--- Task material Enclosed Below ---
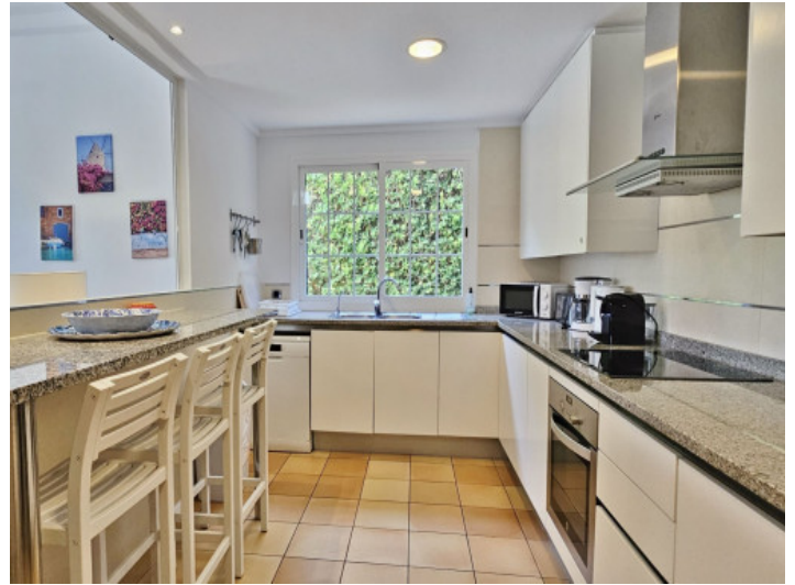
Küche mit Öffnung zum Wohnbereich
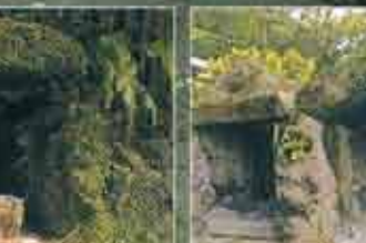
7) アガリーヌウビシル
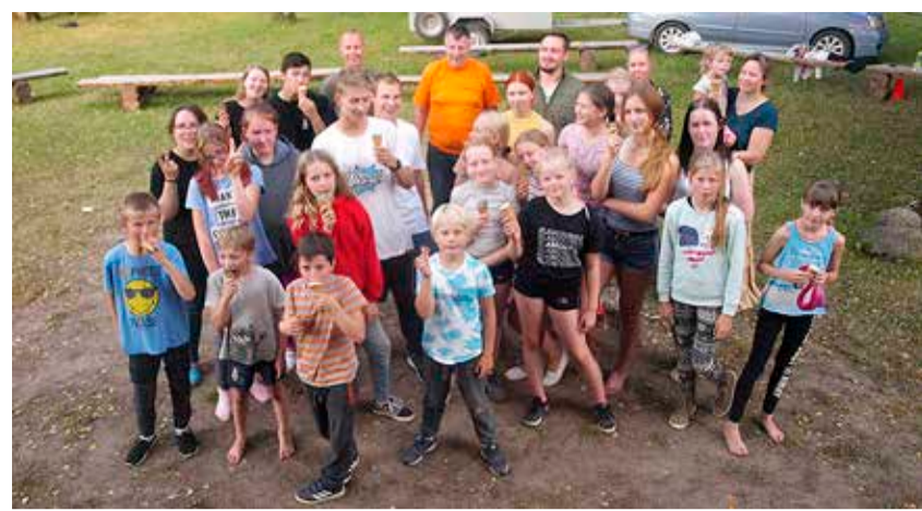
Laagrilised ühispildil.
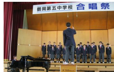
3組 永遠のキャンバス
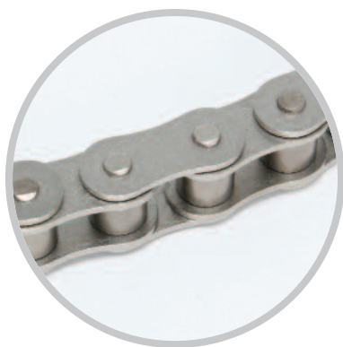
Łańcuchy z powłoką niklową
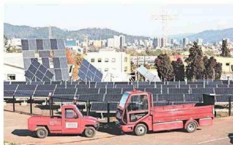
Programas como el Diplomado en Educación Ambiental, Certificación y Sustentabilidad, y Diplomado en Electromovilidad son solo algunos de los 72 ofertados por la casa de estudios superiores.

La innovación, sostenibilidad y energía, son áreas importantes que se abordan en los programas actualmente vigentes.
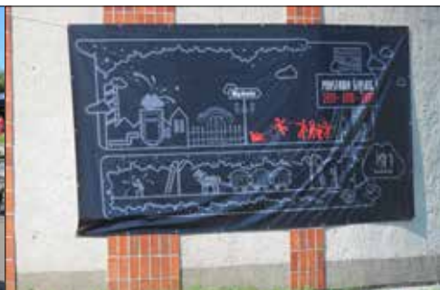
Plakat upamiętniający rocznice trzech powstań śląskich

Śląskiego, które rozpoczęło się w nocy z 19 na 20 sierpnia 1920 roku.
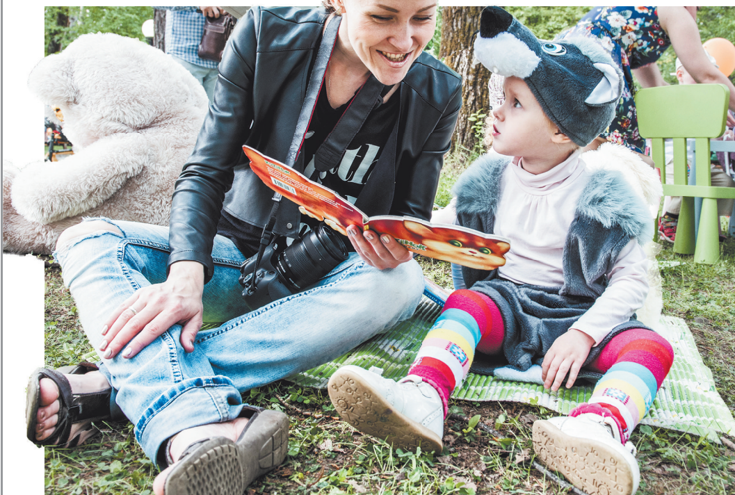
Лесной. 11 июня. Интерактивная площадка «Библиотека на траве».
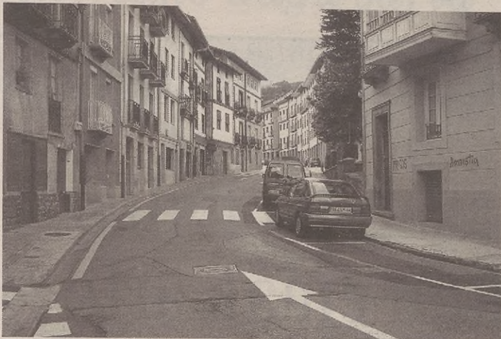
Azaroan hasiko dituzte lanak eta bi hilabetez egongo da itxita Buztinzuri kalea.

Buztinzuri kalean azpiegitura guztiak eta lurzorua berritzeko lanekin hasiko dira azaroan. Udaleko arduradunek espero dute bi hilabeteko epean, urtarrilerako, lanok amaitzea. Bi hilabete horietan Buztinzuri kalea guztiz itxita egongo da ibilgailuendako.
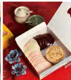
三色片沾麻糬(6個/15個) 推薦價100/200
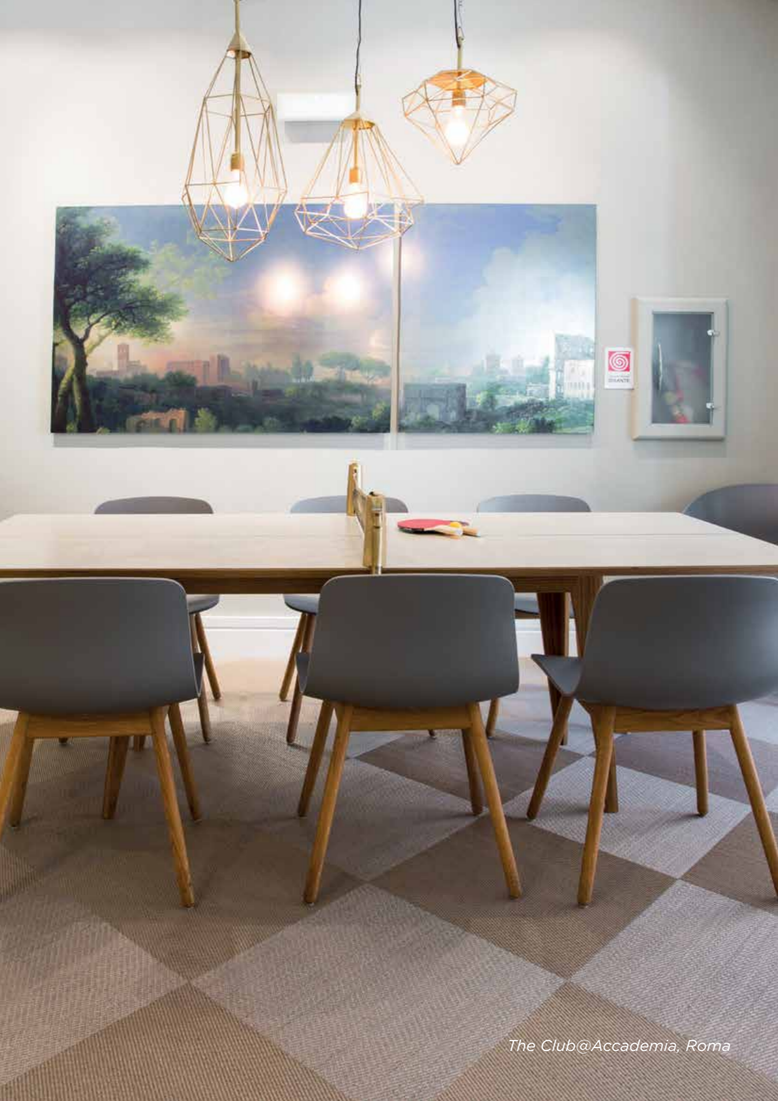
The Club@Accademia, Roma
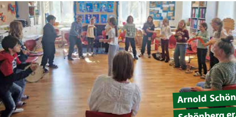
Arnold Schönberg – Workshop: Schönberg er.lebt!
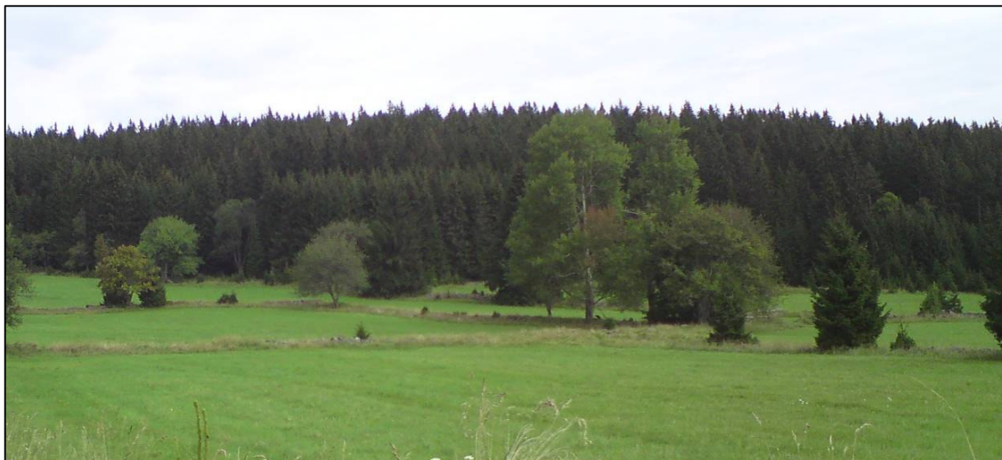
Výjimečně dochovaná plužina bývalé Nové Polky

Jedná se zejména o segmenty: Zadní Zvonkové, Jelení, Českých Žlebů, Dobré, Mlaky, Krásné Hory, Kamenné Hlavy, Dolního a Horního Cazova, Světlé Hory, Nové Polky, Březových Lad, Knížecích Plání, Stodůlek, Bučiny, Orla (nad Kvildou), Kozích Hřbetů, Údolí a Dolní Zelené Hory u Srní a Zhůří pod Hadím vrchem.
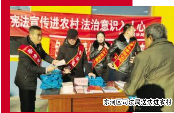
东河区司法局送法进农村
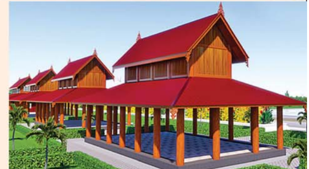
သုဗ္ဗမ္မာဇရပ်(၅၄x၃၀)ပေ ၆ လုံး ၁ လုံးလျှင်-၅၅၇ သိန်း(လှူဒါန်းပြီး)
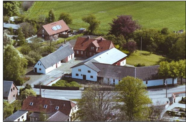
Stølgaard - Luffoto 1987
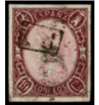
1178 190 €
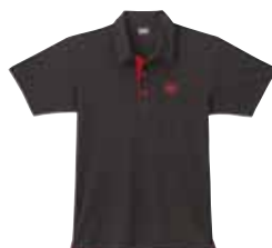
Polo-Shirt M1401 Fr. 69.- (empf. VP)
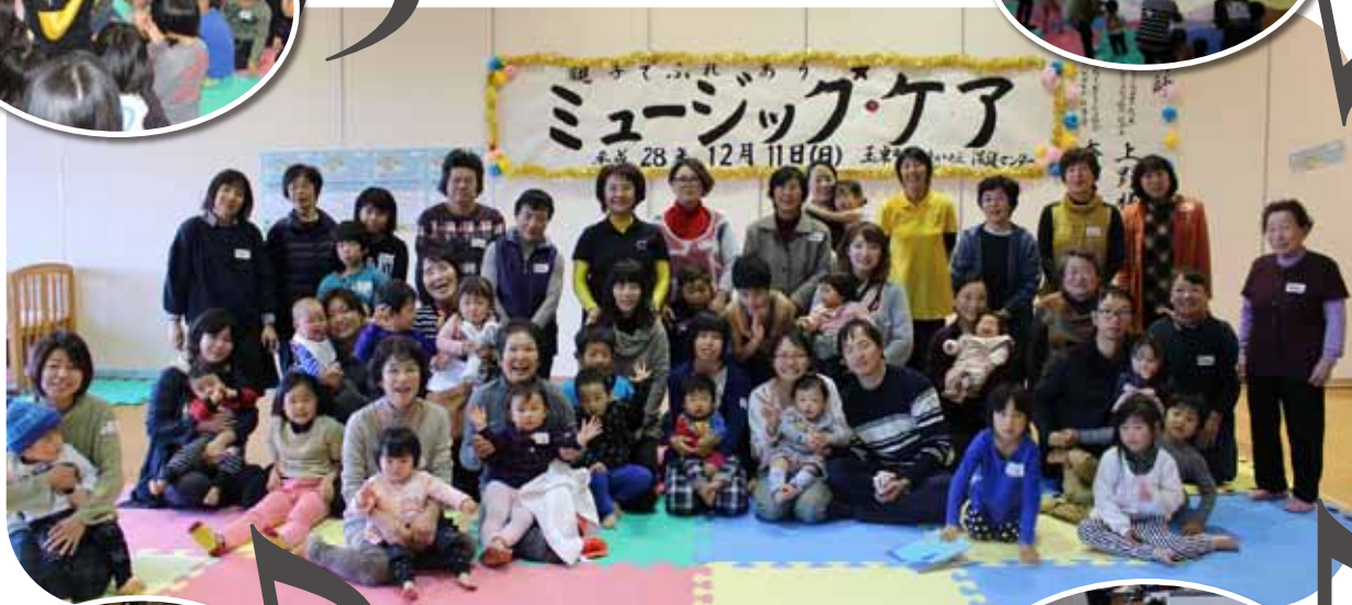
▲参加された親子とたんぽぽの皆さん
--- End of Enclosed Task material ---
Your task: Report every line containing the word "egongo" from the listing above.

Result for this task:
Azaroan hasiko dituzte lanak eta bi hilabetez egongo da itxita Buztinzuri kalea.
Buztinzuri kalean azpiegitura guztiak eta lurzorua berritzeko lanekin hasiko dira azaroan. Udaleko arduradunek espero dute bi hilabeteko epean, urtarrilerako, lanok amaitzea. Bi hilabete horietan Buztinzuri kalea guztiz itxita egongo da ibilgailuendako.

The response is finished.